The joke back when this project finally broke ground was that at about 1/12 scale the 30 feet that it flew was almost AN EXACT SCALE RECREATION of the original flight...
IIRC there are electric powered versions that fly pretty well.
Someday if I ever decide to quit this hobby.....I'll try electric...
Was thinking about your .049 experiments. Many many years ago, I got one of those foam 6 foot gliders sold at toy stores. I put an .049 on it with aileron and elevator servos. Fist attempt it would only go left. Taped rocks to the outer right wing until I could get it to go straight. Directing it required airspeed. Without airspeed it still went left. I had to throw it and keep the nose down. It was not very maneuverable. Raise the nose and slow the speed it goes left. On a fly by it was still very slow. I could reach out and grab the wing. I would give it full aileron. You would watch the ailerons move full deflection and it was still going straight. A turn would slowly ensue. It was certainly an exercise in aerodynamics and energy.

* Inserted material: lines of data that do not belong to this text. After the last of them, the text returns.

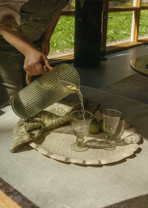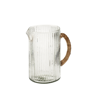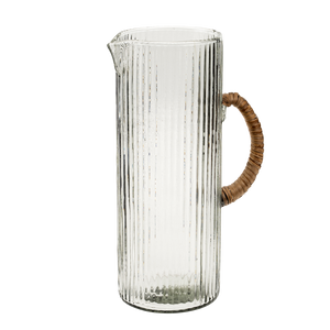 The Montauk Pitcher was inspired by clear ocean waters and features an organic, hand blown form with woven cane handle. The vertical ribbed pattern, adds an elegant texture that beautifully catches the light and ripples of the water. Beachy in feel, this pitcher adds a laid back and tranquil feeling to any table setting.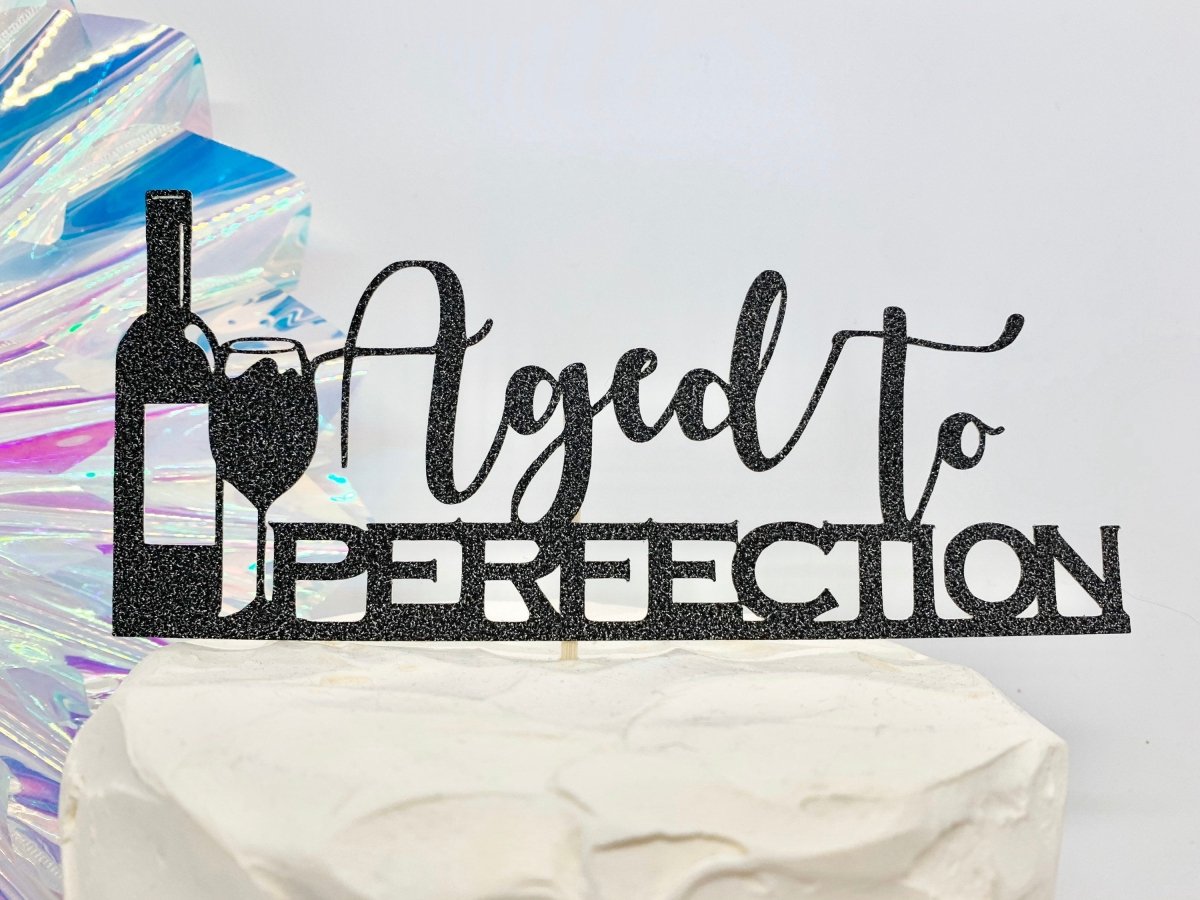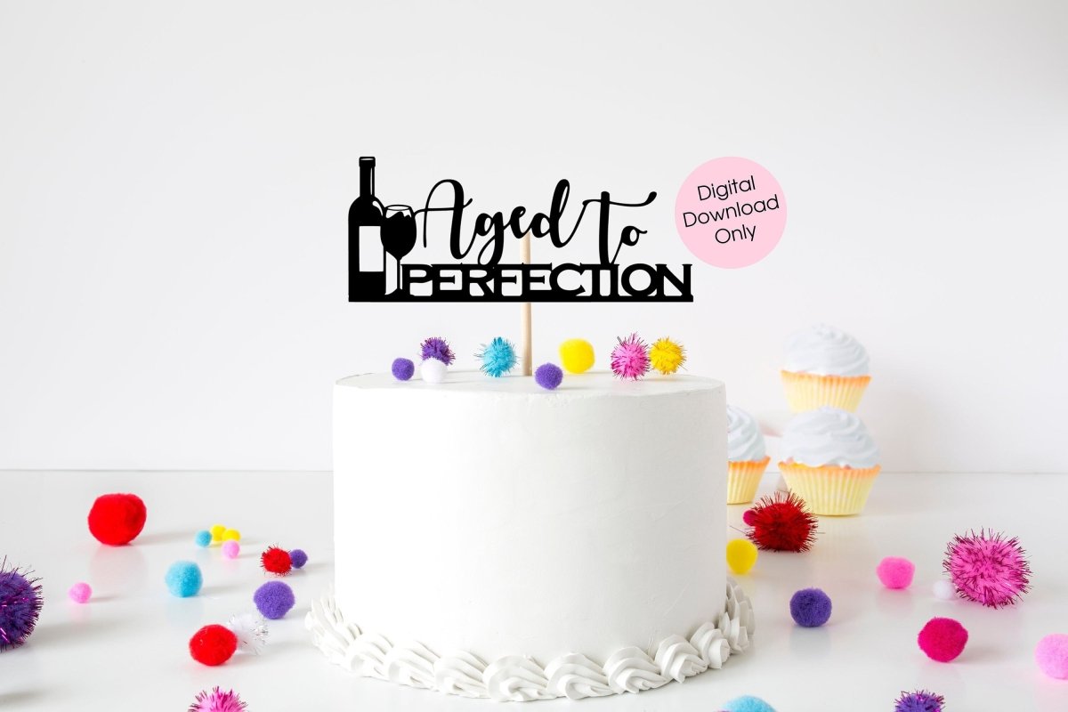 Envejecido a la perfección botella de vino cumpleaños pastel topper archivo de corte digital adecuado para Cricut o Silhouette, svg, jpeg, png, pdf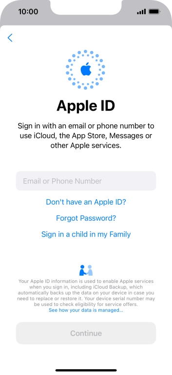 If you don t have an Apple ID, press Don't have an Apple ID? and follow the instructions on the screen to create an Apple ID.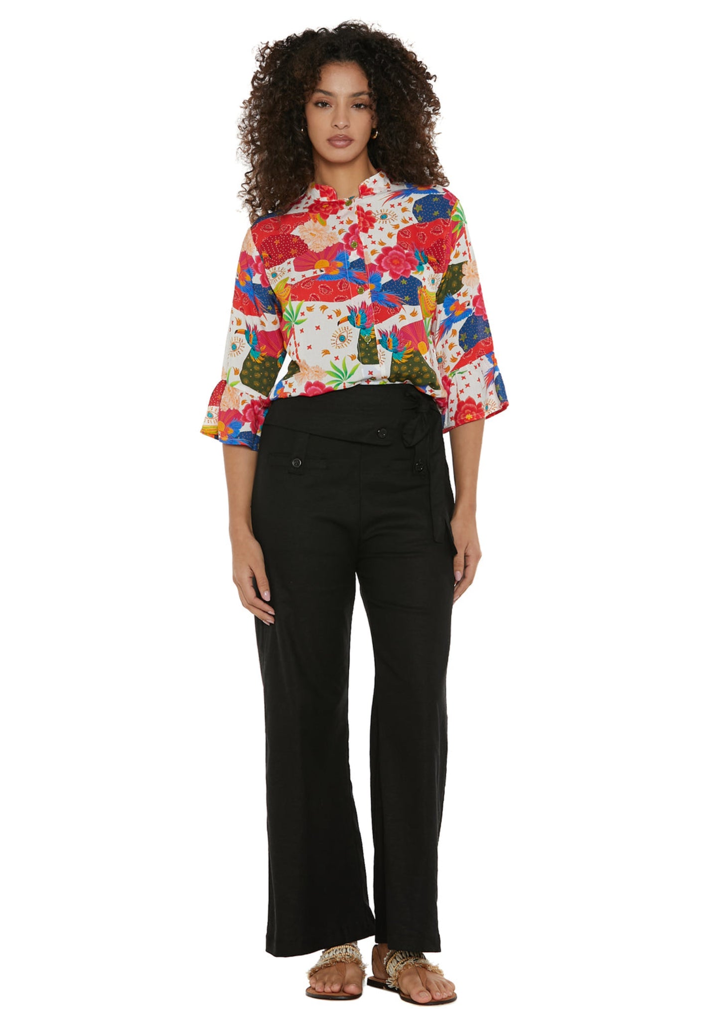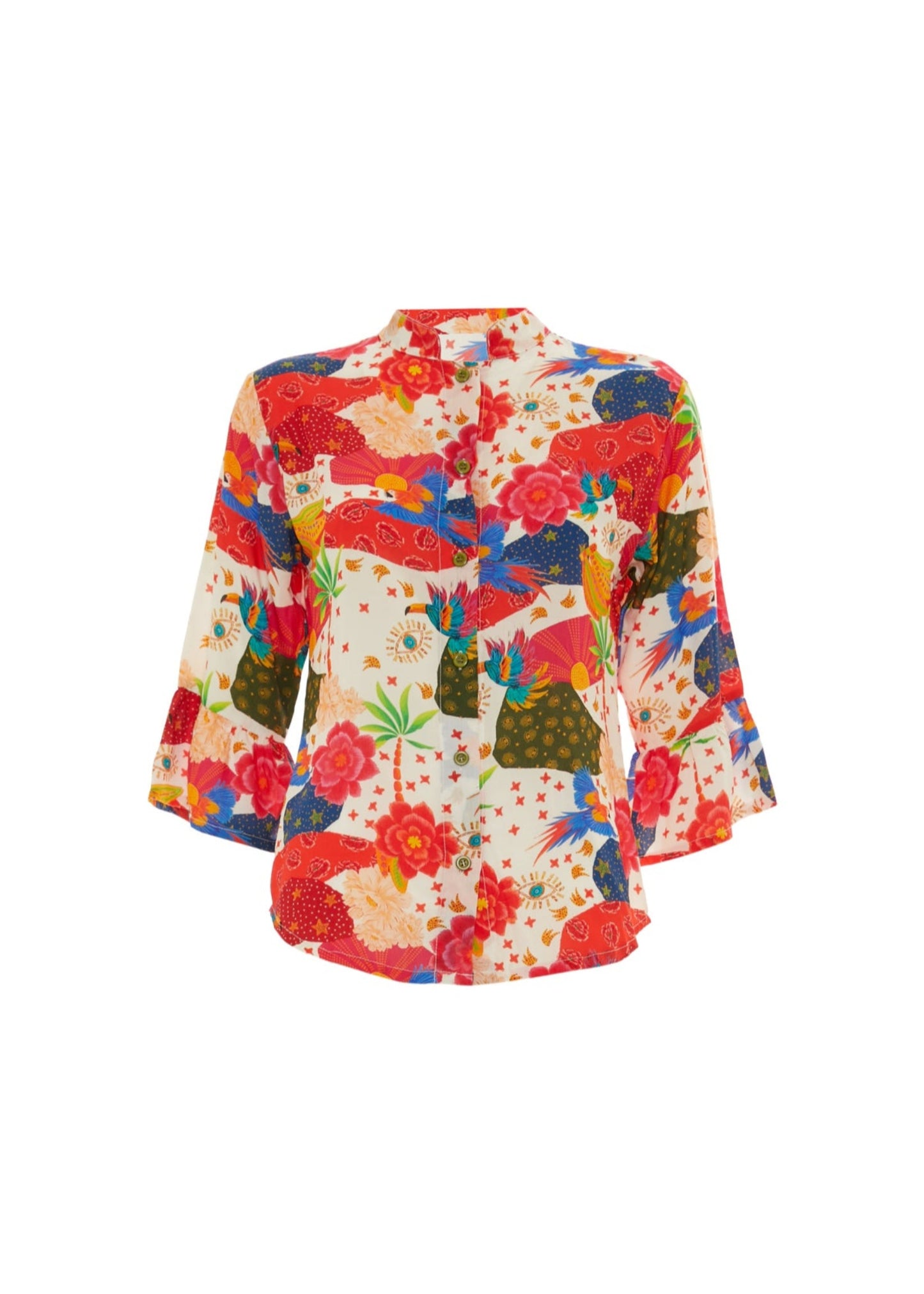 Una camicetta dallo stile divertente e unico! Scollo coreano, maniche a tre quarti e pattern tropicale, per aggiungere una nota di colore e allegria alla tua estate.

Fast forward to learning to fly full scale twin engine airplanes. There is a speed called Vmc which stands for Velocity Minimum Control. We fail one engine then slow the plane. There is a speed where the engine will roll the airplane and you cannot stop it with control input; just like the foam glider. Recovery requires pulling back throttle (to stop the engine rotational force) and lowering the nose to build speed adding throttle as you accelerate past Vmc.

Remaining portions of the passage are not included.